## Data block
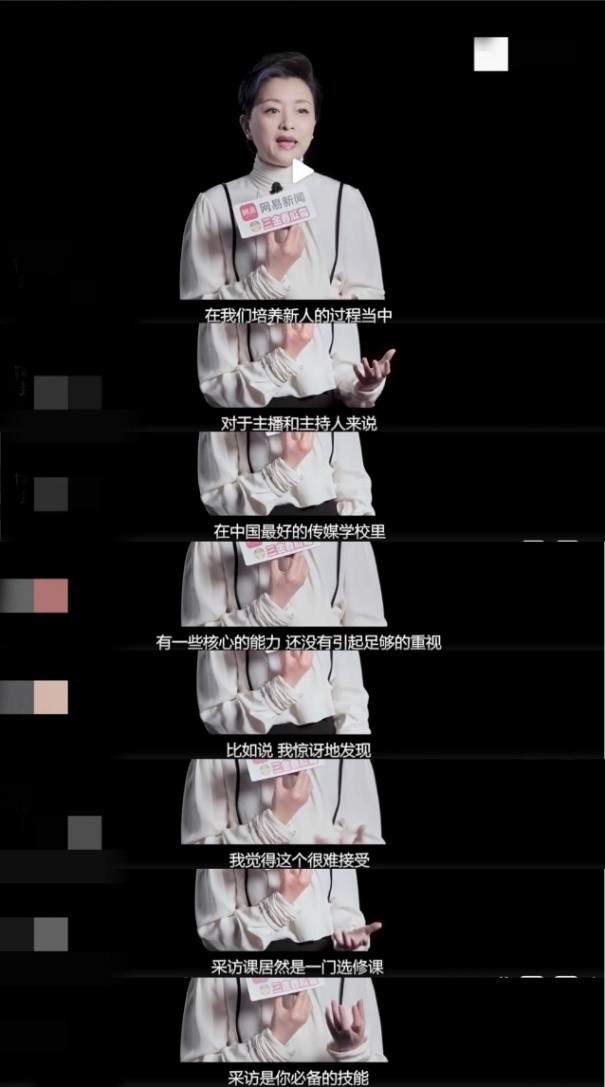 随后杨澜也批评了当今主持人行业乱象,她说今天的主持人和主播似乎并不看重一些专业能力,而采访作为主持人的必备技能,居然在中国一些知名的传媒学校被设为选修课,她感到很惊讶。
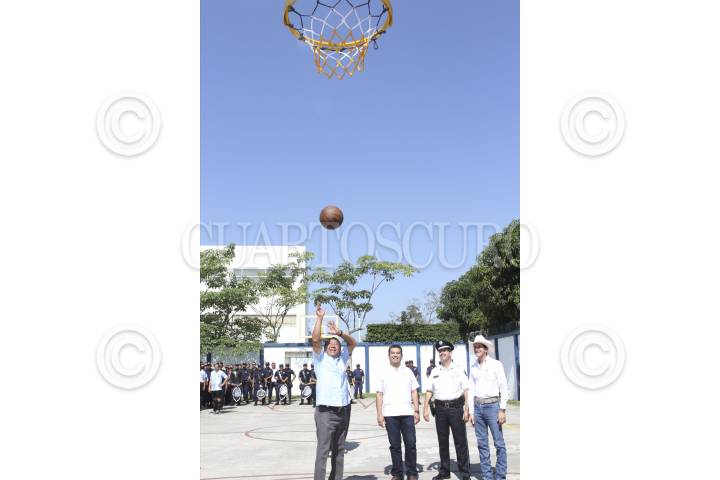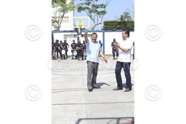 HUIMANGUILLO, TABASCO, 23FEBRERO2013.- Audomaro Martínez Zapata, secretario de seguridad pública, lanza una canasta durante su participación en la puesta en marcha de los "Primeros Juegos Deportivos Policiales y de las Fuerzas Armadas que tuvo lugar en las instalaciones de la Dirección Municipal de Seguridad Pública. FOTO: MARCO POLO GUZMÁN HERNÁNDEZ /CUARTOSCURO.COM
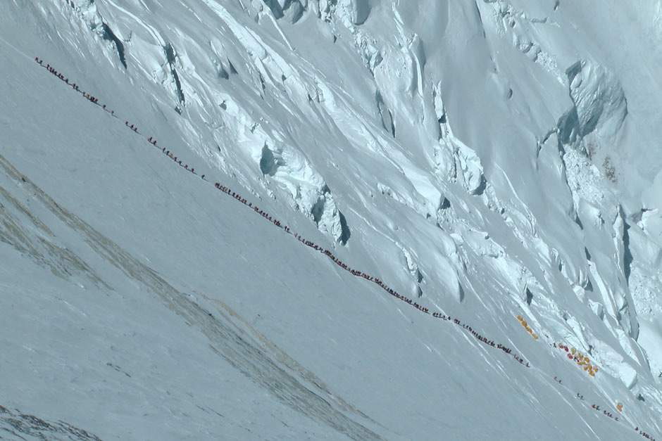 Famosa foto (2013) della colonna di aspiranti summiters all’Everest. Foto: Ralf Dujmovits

## Try it
Print the stretch of the data from the line with "HUIMANGUILLO, TABASCO, 23FEBRERO2013.- Audomaro" through its last line, exactly and with both ends kept. Omit pictures.

## Solution to this problem
 HUIMANGUILLO, TABASCO, 23FEBRERO2013.- Audomaro Martínez Zapata, secretario de seguridad pública, lanza una canasta durante su participación en la puesta en marcha de los "Primeros Juegos Deportivos Policiales y de las Fuerzas Armadas que tuvo lugar en las instalaciones de la Dirección Municipal de Seguridad Pública. FOTO: MARCO POLO GUZMÁN HERNÁNDEZ /CUARTOSCURO.COM
 Famosa foto (2013) della colonna di aspiranti summiters all’Everest. Foto: Ralf Dujmovits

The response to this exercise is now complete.